I was thinking the same thing about the Kaitai struct.  Would it be possible to 
have some generic reader such that you provide the schema, and Drill would map 
that to columns as appropriate.  That way you could use all the formats pretty 
much instantly from the Kaitai format gallery. 



> On Apr 23, 2019, at 5:08 PM, Ted Dunning  wrote:
> 
> Wow. Kaitai looks fabulous. It would be tempting to define a generic format
> that could use a kaitai spec to define the format of a file.
> 
> Regarding the map output, I think we solved the same problem in the PCAP
> parser itself by simply putting all of the fields at the top level and
> making them nullable. This means that the UDP stuff is null for TCP packets.
> 
> The same approach could be taken for other packets. If parsing is lazy,
> then reference to a parsed column would be required to trigger the parsing
> of a packet.
> 
> 
> 
> On Tue, Apr 23, 2019 at 10:52 AM Charles Givre  wrote:
> 
>> Hi Ted
>> The library that gave me the idea is the Kaitai struct.  The java library
>> itself is released under the Apache or MIT license.  It can parse a number
>> of binary formats including DNS packets, ICMP and many others.  It accepts
>> a byte[] as input. I already wrote working code that reads it but I’m not
>> sure how to output these results in Drill.
>> 
>> Sent from my iPhone
>> 
>>> On Apr 23, 2019, at 12:45, Ted Dunning  wrote:
>>> 
>>> I think this would be very useful, particularly if it is easy to add
>>> additional parsing methods.
>>> 
>>> When I started to pcap work, I couldn't find any libraries that combined
>>> what we needed in terms of function and license.
>>> 
 On Tue, Apr 23, 2019, 9:34 AM Charles Givre  wrote:
 
 Hello all,
 I saw a few open source libraries that parse actual packet content and
>> was
 interested in incorporating this into Drill's PCAP parser.  I was
>> thinking
 initially of writing this as a UDF, however, I think it would be much
 better to include this directly in Drill.  What I was thinking was to
 create a field called parsed_packet that would be a Drill Map.  The
 contents of this field would vary depending on the type of packet.  For
 instance, if it is a DNS packet, you get all the DNS info, ICMP etc...
 Does the community think this is a good idea?   Also, given the
>> structure
 of the PCAP plugin, I'm not quite sure how to create a Map field with
 variable contents.  Are there any examples that use the same
>> architecture
 as the PCAP plugin?
 Thanks,
 -- C
>> 



Re: QUESTION: Packet Parser for PCAP Plugin

2019-04-23 Thread Ted Dunning
Wow. Kaitai looks fabulous. It would be tempting to define a generic format
that could use a kaitai spec to define the format of a file.
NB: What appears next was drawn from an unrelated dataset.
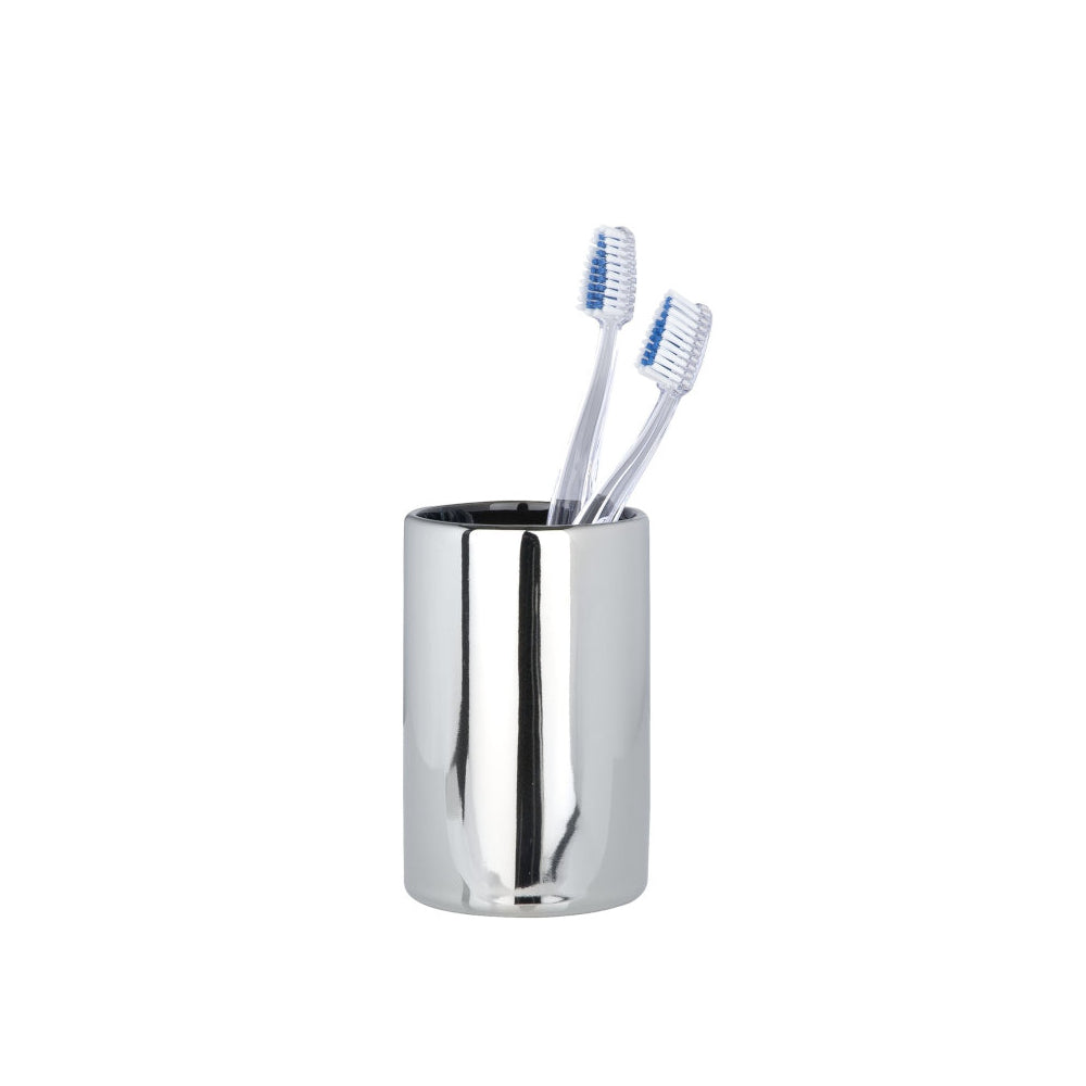 Wenko Zahnputzbecher Polaris chrom Hochwertiger Keramik. ø 7.5 cm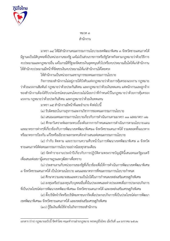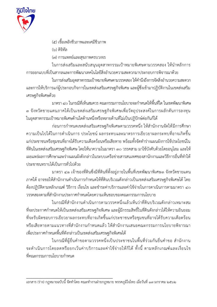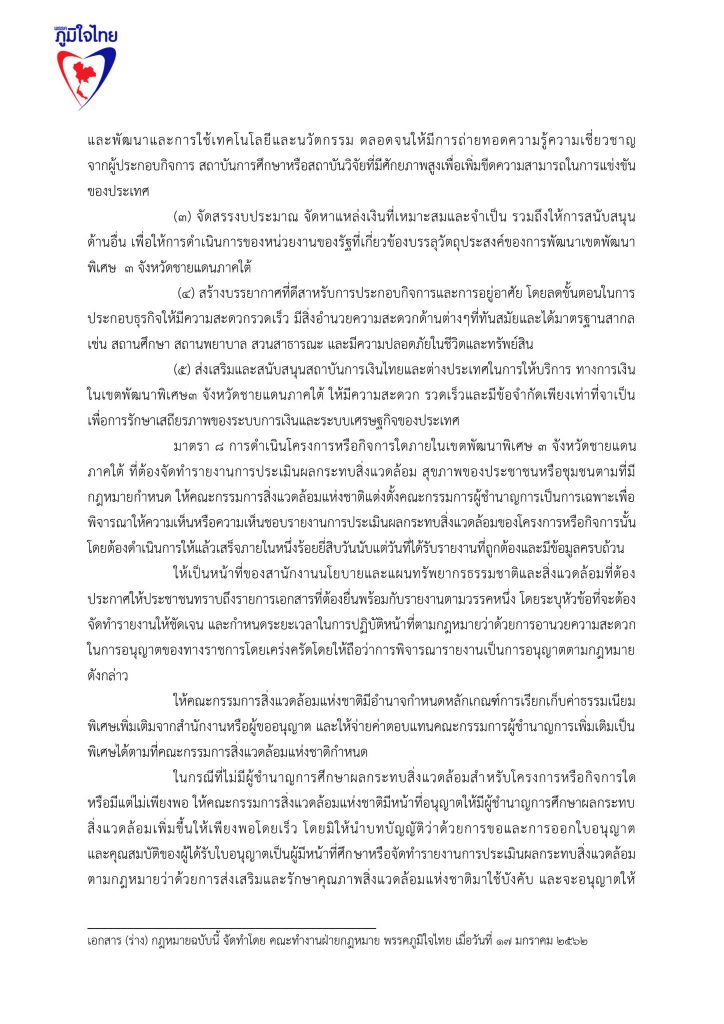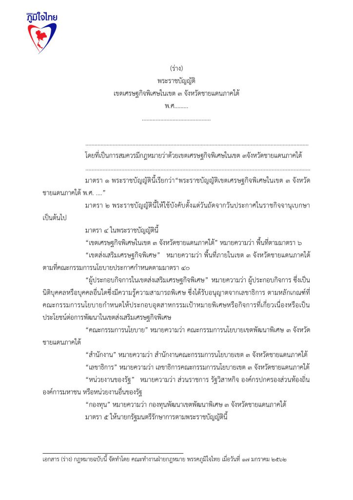 17 มกราคม 2562 เวลา 19:21ร่วมลงชื่อ … ร่างแก้ไขกฎหมายเขตเศรษฐกิจพิเศษ 3จังหวัดชายแดนภาคใต้พรรคภูมิใจไทย ลดอำนาจรัฐ .. ออกกฎหมาย เขตเศรษฐกิจพิเศษ สามจังหวัดชายแดนภาคใต้ เปลี่ยนเสียงระเบิด เป็นเสียงเครื่องจักร เปลี่ยนงบลับเป็นงบลงทุน สร้างงาน สร้างรายได้ ..เพื่อปากท้องประชาชน นำ พระราชบัญญัติเขตพัฒนาเศรษฐกิจพิเศษภาคตะวันออก ไปใช้ในพื้นที่ 3 จังหวัดชายแดนภาคใต้ โดยยกร่างกฎหมาย พระราชบัญญัติเขตเศรษฐกิจพิเศษใน3จังหวัดชายแดนภาคใต้ โดยมีหลักคิดว่า เมื่อแก้ไขปัญหาปากท้องประชาชน ให้มีความเป็นอยู่ที่ดีขึ้นแล้ว ปัญหาความไม่สงบในพื้นที่จะลดน้อยลงไป หากมีการแก้ไขปัญหาด้วยมาตรการจูงใจในหลาย ๆ ด้าน เพื่อดึงดูดนักลงทุนเข้าสู่พื้นที่ ประชาชนจะมีชีวิตความเป็นอยู่ที่ดีขึ้น พรรคภูมิใจไทย เสนอร่างพ.ร.บ.เขตเศรษฐกิจพิเศษใน 3 จังหวัดชายแดนภาคใต้ ด้วยการร่วมลงชื่อเสนอกฎหมาย เพื่อแก้ไขปัญหาความไม่สงบสุขในพื้นที่ 3 จังหวัดชายแดนภาคใต้ สร้างความกินดี อยู่ดี ให้กับประชาชนในพื้นที่ได้ จึงน่าจะเป็นทางออกที่สำคัญสำหรับการแก้ไขปัญหา แชร์บทความนี้:

Regarding the map output, I think we solved the same problem in the PCAP
parser itself by simply putting all of the fields at the top level and
making them nullable. This means that the UDP stuff is null for TCP packets.

The same approach could be taken for other packets. If parsing is lazy,
then reference to a parsed column would be required to trigger the parsing
of a packet.



On Tue, Apr 23, 2019 at 10:52 AM Charles Givre  wrote:

> Hi Ted
> The library that gave me the idea is the Kaitai struct.  The java library
> itself is released under the Apache or MIT license.  It can parse a number
> of binary formats including DNS packets, ICMP and many others.  It accepts
> a byte[] as input. I already wrote working code that reads it but I’m not
> sure how to output these results in Drill.
>
> Sent from my iPhone
>
> > On Apr 23, 2019, at 12:45, Ted Dunning  wrote:
> >
> > I think this would be very useful, particularly if it is easy to add
> > additional parsing methods.
> >
> > When I started to pcap work, I couldn't find any libraries that combined
> > what we needed in terms of function and license.
> >
> >> On Tue, Apr 23, 2019, 9:34 AM Charles Givre  wrote:
> >>
> >> Hello all,
> >> I saw a few open source libraries that parse actual packet content and
> was
> >> interested in incorporating this into Drill's PCAP parser.  I was
> thinking
> >> initially of writing this as a UDF, however, I think it would be much
> >> better to include this directly in Drill.  What I was thinking was to
> >> create a field called parsed_packet that would be a Drill Map.  The
> >> contents of this field would vary depending on the type of packet.  For
> >> instance, if it is a DNS packet, you get all the DNS info, ICMP etc...
> >> Does the community think this is a good idea?   Also, given the
> structure
> >> of the PCAP plugin, I'm not quite sure how to create a Map field with
> >> variable contents.  Are there any examples that use the same
> architecture
> >> as the PCAP plugin?
> >> Thanks,
> >> -- C
>


Re: QUESTION: Packet Parser for PCAP Plugin

2019-04-23 Thread Paul Rogers
Hi Charles,

Two comments. 

First, Drill "maps" are actually structs (nested tuples): every record must 
have the same set of columns within the "map." That is, though the Drill type 
is called a "map", and you might assume that, given that name, it would act 
like a JSON, Python of Java map, the actual implementation is, in fact, a 
struct. (I saw a JIRA ticket to rename the Map type in some context because of 
this unfortunate mismatch of name and implementation.)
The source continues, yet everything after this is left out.